Blue indicates death and orange indicates survivors.

plt.figure(figsize=[12,4])
plt.subplot(121)
sns.barplot('Pclass', 'Survived', data=titanic_df)
plt.subplot(122)
sns.countplot('Sex',hue='Survived',data=titanic_df)
plt.show()

png

Comparing the survival rate by seat rating, one can see that the expensive seat has higher survival rate.
If you look at the graph on the right, it shows female deaths, female survivors, male deaths, and male survivors from the left. And we can see survival rate of female is much higher than male.

ax = titanic_df["Age"].hist(bins=15, color='teal', alpha=0.8)
ax.set(xlabel='Age', ylabel='Count')
plt.show()

png

The age distribution of passengers shows that they are concentrated in their 20s and 30s.

f,ax = plt.subplots(figsize=(12,6))
g = sns.kdeplot(titanic_df["Age"][(titanic_df["Survived"] == 0) & (titanic_df["Age"].notnull())], 
                ax = ax, color="Blue", shade = True)
g = sns.kdeplot(titanic_df["Age"][(titanic_df["Survived"] == 1) & (titanic_df["Age"].notnull())], 
                ax =g, color="Green", shade= True)
g.set_xlabel("Age")
g.set_ylabel("Frequency")
g = g.legend(["Not Survived","Survived"])

png

The most important part of this graph comparing survival rate and age is the green section, which represents a high percentage of survivors, and the purple section, which represents a high percentage of deaths.
Age under 17 group have a very high survival rate compared to other age groups.
Age between 17~35 group have a very high death rate compared to other age groups.

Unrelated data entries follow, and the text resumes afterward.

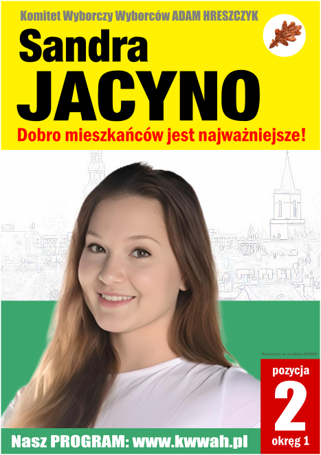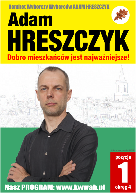 Zebrane uwagi: wrzucić nazwę komitetu z nr listy i nr okręgu; no i chyba drobnym drukiem pod lupą że wykonano ze środków KKWAH; no i może jeszcze gdzieś wrzucić adres strony ze słowem program; Wszyscy tez powinniśmy mieć ten sam wzór, dla rozpoznawalności.
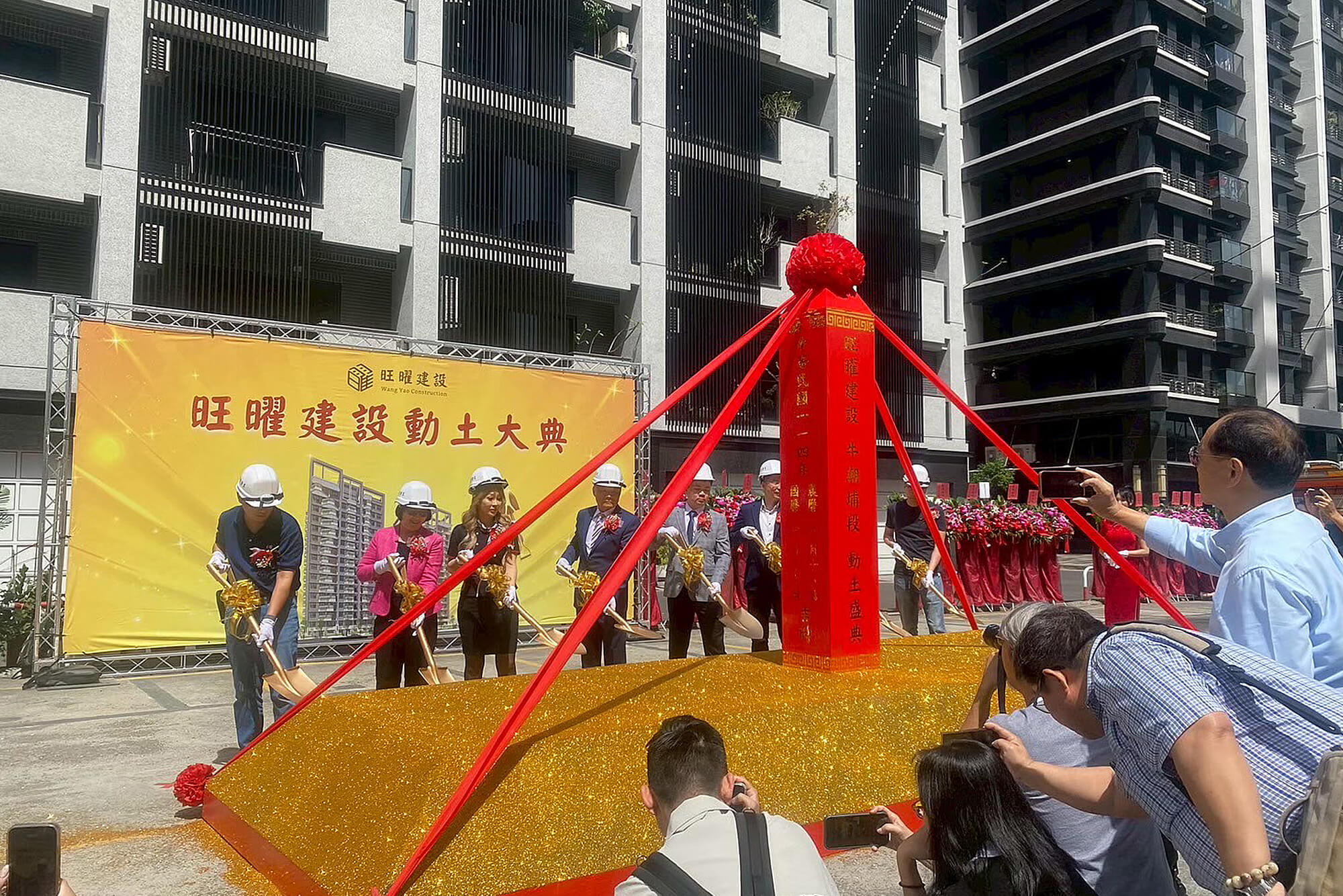 隨著禮炮聲響徹雲霄,象徵工程正式展開,旺曜建設新案啟動邁向新頁。現場嘉賓在鏟土合影中留下珍貴畫面,活動氛圍達到最高點。每一個環節皆由艾佛特活動整合行銷團隊親自監控執行,確保流程無誤、畫面完美。
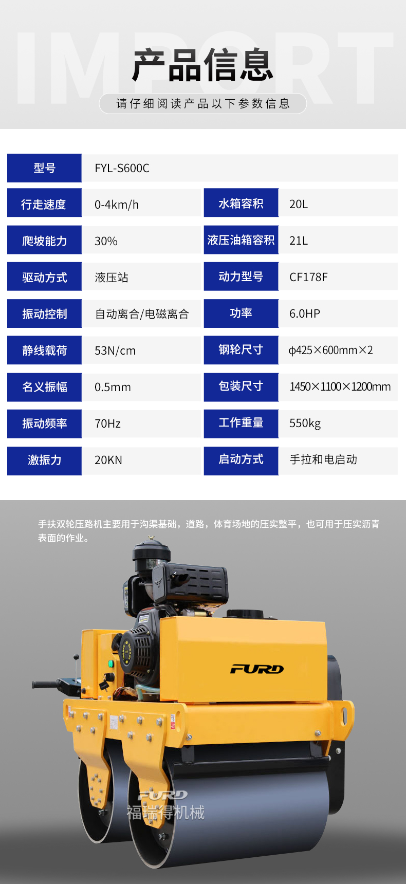 主要用于溝渠基礎(chǔ),道路,體育場地的壓實整平,也可用于壓實瀝青表面的作業(yè)。
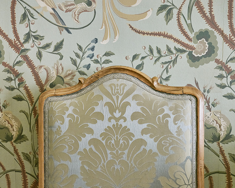 민트색 벽지 바탕에 초록색과 갈색 계열이 어우러진 색채 위로 꽃과 줄기와 이파리 등 식물의 곡선이 화려한 움직임을 드러낸다. 관건은 그 앞에서 정면을 응시하고 있는 의자인데, 의자의 생김새와 등받이 표면에
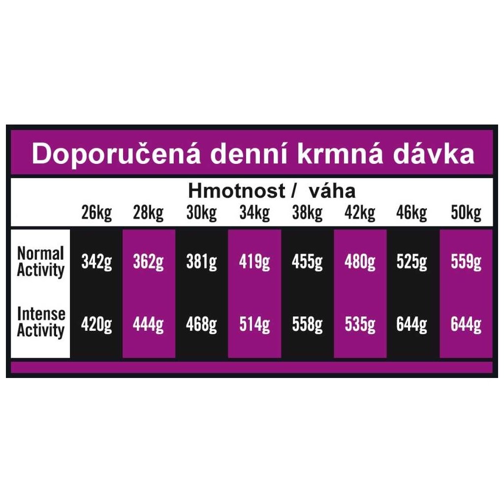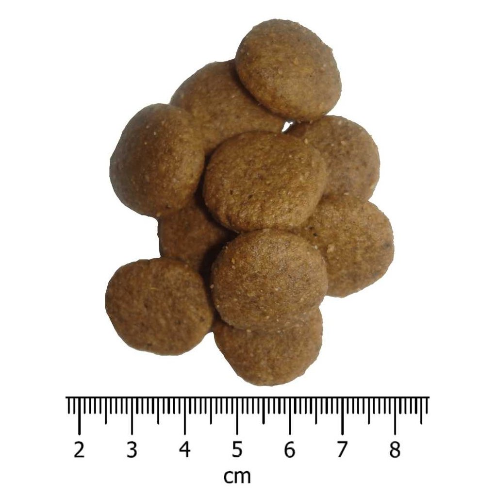 Analytické složky: Hrubý protein 25 %, hrubý olej a tuky 16 %, mastné kyseliny omega 6: 3,60 %, EPA+DHA 920 mg / kg, hrubá vláknina 2,75 %, hrubý popel 8 %, vápník 1,35 %, fosfor 1,05 %.
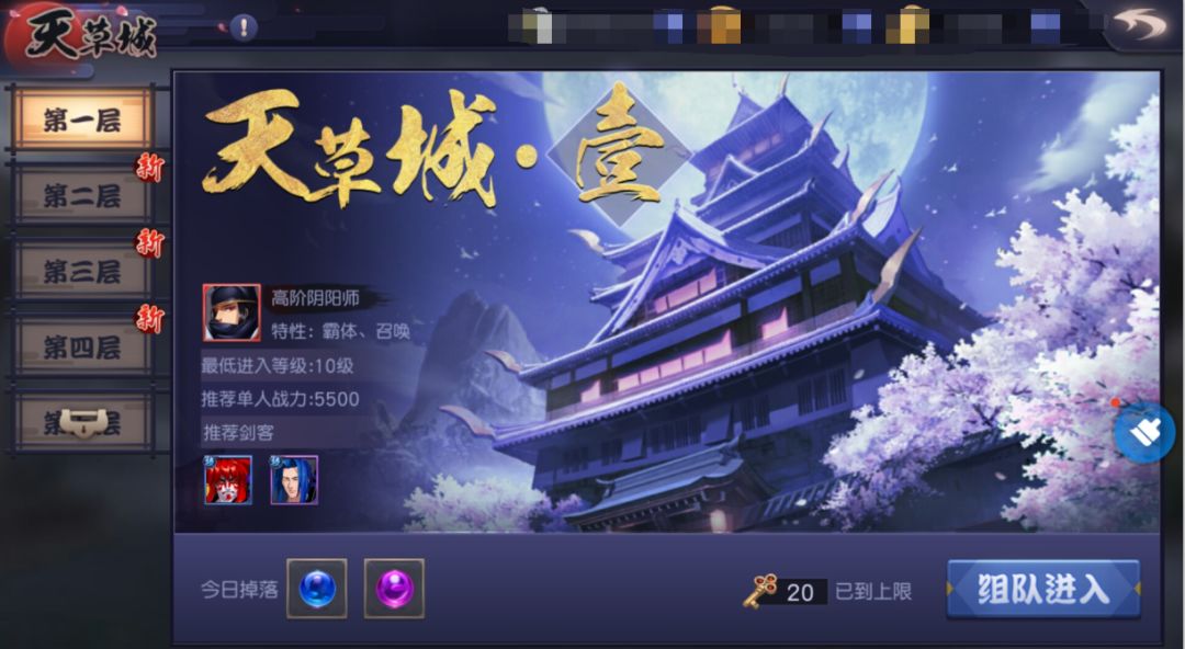 天草城目前分为五层,层数越高难度自然也就越大,毕竟是大反派的首府,没有一定实力可不要轻易去尝试呦~
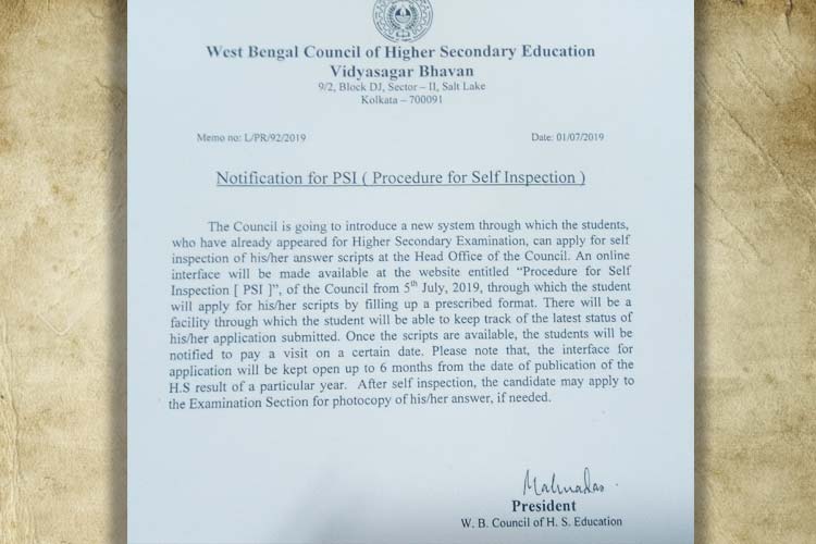 এ বিষয়ে নিজেদের ওয়েবসাইটে মঙ্গলবার নোটিস জারি করে ‘প্রসিডিওর ফর সেল্ফ ইনস্পেকশন’-এর সবিস্তার তথ্য জানিয়েছে উচ্চ শিক্ষা সংসদ। তাতে জানানো হয়েছে, যাঁরা ২০১৯ সালে উচ্চমাধ্যমিক পরীক্ষা দিয়েছেন, তাঁরা আগামী ৫ জুলাইয়ের পর অনলাইনে পরীক্ষার খাতা দেখার আবেদন করতে পারবেন। এমনকি প্রয়োজনে নির্দিষ্ট বিষয়ের খাতার ফোটোকপি পাওয়ার জন্যও আবেদন করা যাবে বলে সংসদ জানিয়েছে।
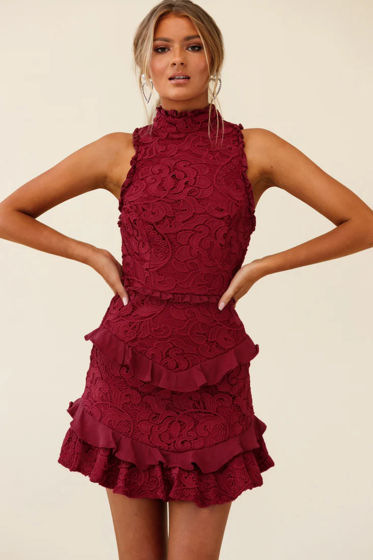 Greta Sleeveless Tiered Ruffle Chiffon Dress Rose

By analyzing the overall data, one can see that the younger , female and more expensive class of seats have higher survival rate. If we don’t think about class of seats, people tried to protect the weak first in the accident.

Data Division

# The train_test_split of sklearn makes it easy to divide data into a single line.
from sklearn.model_selection import train_test_split

train, test = train_test_split(titanic_df, test_size=0.2)

import pickle
with open('../data/fifa_train.pkl', 'wb') as train_df:
    pickle.dump(train, train_df)
    
with open('../data/fifa_test.pkl', 'wb') as test_df:
    pickle.dump(test, test_df)

with open('../data/fifa_train.pkl', 'rb') as train_df:
    train = pickle.load(train_df)
    
with open('../data/fifa_test.pkl', 'rb') as test_df:
    test = pickle.load(test_df)

Setting Optimal Parameters for a Model

We can deduce these values(max_depth, min_samples_split,mins_samples_leaf, random_state) through repetition.

from sklearn import tree
from sklearn import preprocessing

X_train = train[['Pclass', 'Sex', 'Age', 'SibSp', 'Parch', 'Fare']]
y_train = train[['Survived']]

X_test = test[['Pclass', 'Sex', 'Age', 'SibSp', 'Parch', 'Fare']]
y_test = test[['Survived']]

depth = list(range(1,100,5))
sample_split = list(range(2,100,5))
sample_leaf = list(range(2,100,5))
random_state = list(range(1,100,5))
clf_list = []
for i in depth:
    for j in sample_split:
        for k in sample_leaf:
            for l in random_state:
                clf_list.append(tree.DecisionTreeClassifier(max_depth=i, 
                                  min_samples_split=j,
                                  min_samples_leaf=k, 
                                  random_state=l).fit(X_train, y_train))

clf_list[-5:]

[DecisionTreeClassifier(class_weight=None, criterion='gini', max_depth=96,
             max_features=None, max_leaf_nodes=None,
             min_impurity_decrease=0.0, min_impurity_split=None,
             min_samples_leaf=97, min_samples_split=97,
             min_weight_fraction_leaf=0.0, presort=False, random_state=96,
             splitter='best')]

from sklearn.metrics import accuracy_score
accuracy_score_list = {}
for clf in clf_list:
    pred = clf.predict(X_test)
    accuracy_score_list[clf] = accuracy_score(y_test, pred)

len(accuracy_score_list)

Choose the optimal clf with the highest accuracy among the 160,000 clf values.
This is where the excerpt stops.